梅原淳の心*體みなぎるエッセイ/Playground Heroes

運動の専門家が子どもたちの成長をスポーツ*子育て*教育など、あらゆる視点から応援します

うまくやろうとするな

 勝負に対する向かい方として、勝ちを意識して、正解みたいなものを考えてしまうことがあります。

 どうすれば勝てるか........

 それは前向きな挑戦であると潔く臨めて思いきりやれますが、勝ちを掴むために“うまく”やろうとすると大概が墓穴を掘ってしまいます。

 ここにある本当の心理は、「勝つために」ではなくて「負けないために」ではないでしょうか。負けることを恐れて、そうならないためにはどうすればいいかと考えているのです。

 大変に消極的な思考ですね。

 もしこうなったら........

 意気込みすぎてこんなふうになってもマズイし....

 こんな状況だからどうもっていけば一番良いのか....

 そんなことを考えてしまうことありませんか?

 勝ち上がることに期待をもって楽しみにしているのがチャレンジの思考であって、そこには安定を求める感性はありません。だから思いきりいくけれど大負けする場合もあるわけです。

 でもそんなまだ見えない結果はまるで気にしていない。それが本来必要な心構え、勝てるメンタリティだと思います。

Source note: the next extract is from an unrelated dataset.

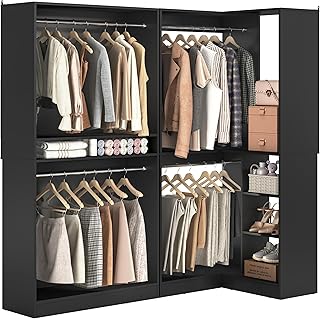 Unikito Corner Closet System, 72" L-Shaped Closet Organizer with 4 Hanging Rods, Heavy Duty Wood Garment Rack with Sh...

 優等生思考にありがちかもしれませんが、踏み外しちゃマズイとか、ミスの無いようにとか、確実・安定を求めてしまう思考が「うまくやる」なのです。どうすればうまくいくか、どれが一番うまくいく方法か、それを考え出したらおそらく一歩も前へ進めません。

(これは正しいようでいて本当は超消極的な思考です)

 こう考えてしまう人は、きっと負けることが“失敗”と同義になっています。負けるということは答えを間違えたということ、悪い点を取ってしまいそれはダメなこと。そうなってはいけない、避けたい。そればかりが頭を駆け巡り、結果的に「何もしない」となるのです。

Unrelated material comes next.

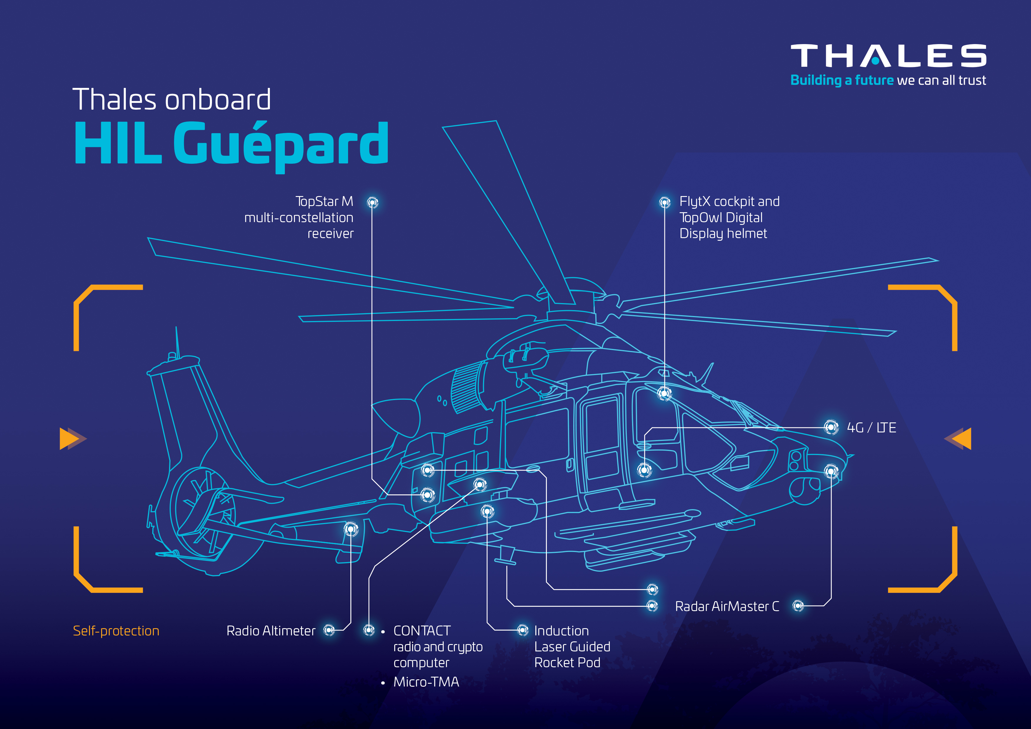 The Thales technologies selected by Airbus Helicopters, industrial prime contractor for the programme, and the French defence procurement agency (DGA), the contracting authority, will provide the 169 Guépard joint light helicopters with a complete set of high-performance solutions relying on innovative connected touchscreen interfaces for all three branches of the armed forces from 2027.

 勢いをつけたい、攻めたい気持ちもあるんだけれども、どうしてもマイナス面を恐れて腰が引け、思いきりが悪くなってしまう。余計なことをして逆効果になってはいけないと、とにかくマイナスを減らすことだけを勘定しています。

 でももしそうなったとき、本当の失敗は負けを恐れて動けなかったことです。

 当たって砕けろの負けを恐れない強い心が消えてしまうことは、誰にでもあること。もちろんスポーツに限らず私たちの日常において、こういった話は様々に起こります。

 ぜひ良い点数を取ろうとせず、自分の培ってきた素養を以て挑むんだ楽しむんだと、気負わずにゲームに臨んでもらいたいと思います。

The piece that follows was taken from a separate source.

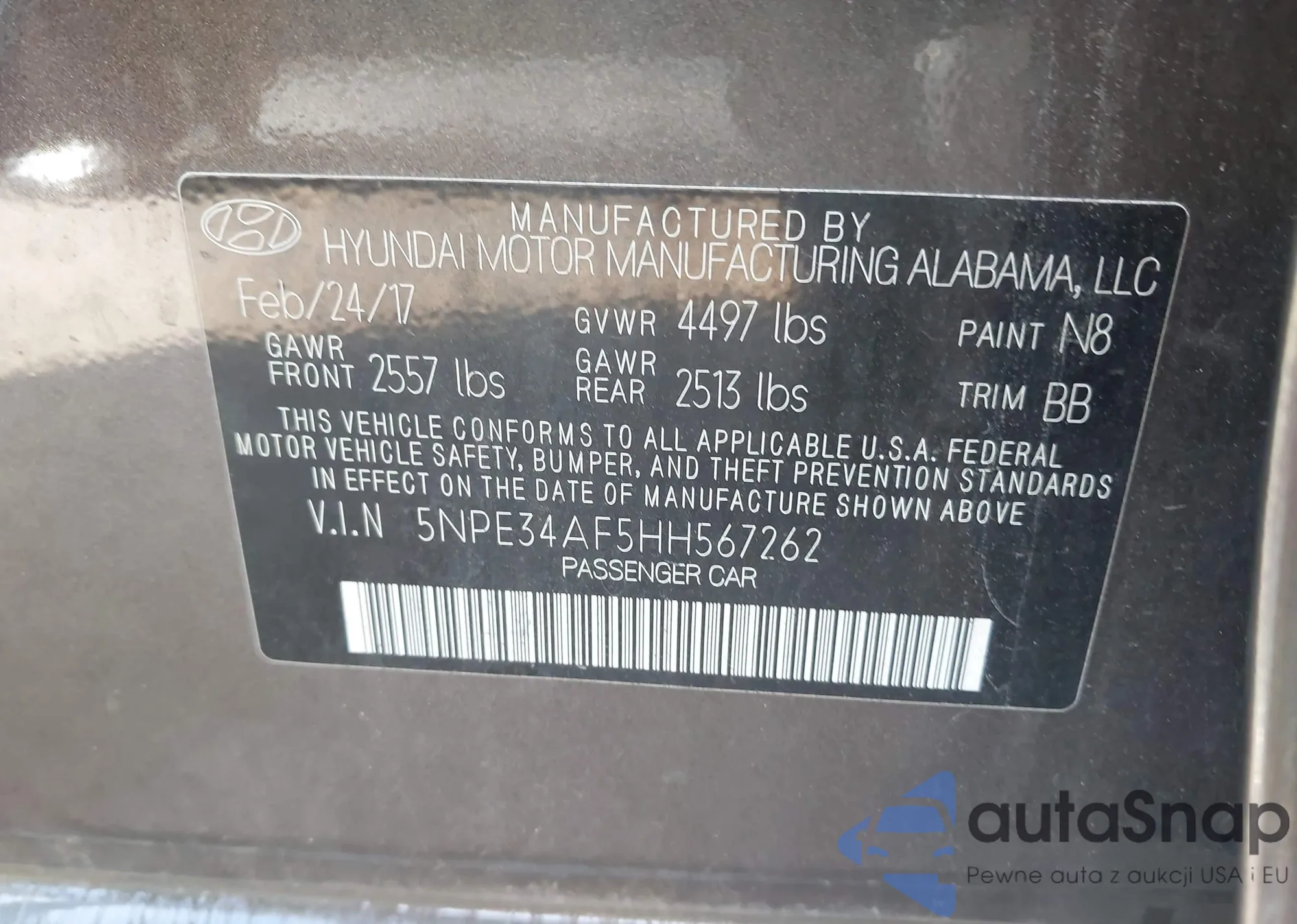 • VIN 5XYZWDLA9JG546891

 また、状況が悪いときや劣勢と感じるときに、これ以上落ちないようにとマイナス面を増やさないことに注力するのは、有意義ではありません。それもまた「結果を恐れず」の精神を燃えたぎらせて、どうぞ払拭されてください。

 成るようになる、成るようにしかならない

 これは決して投げやりとか博打ではなく、自分を支える唯一本の柱です。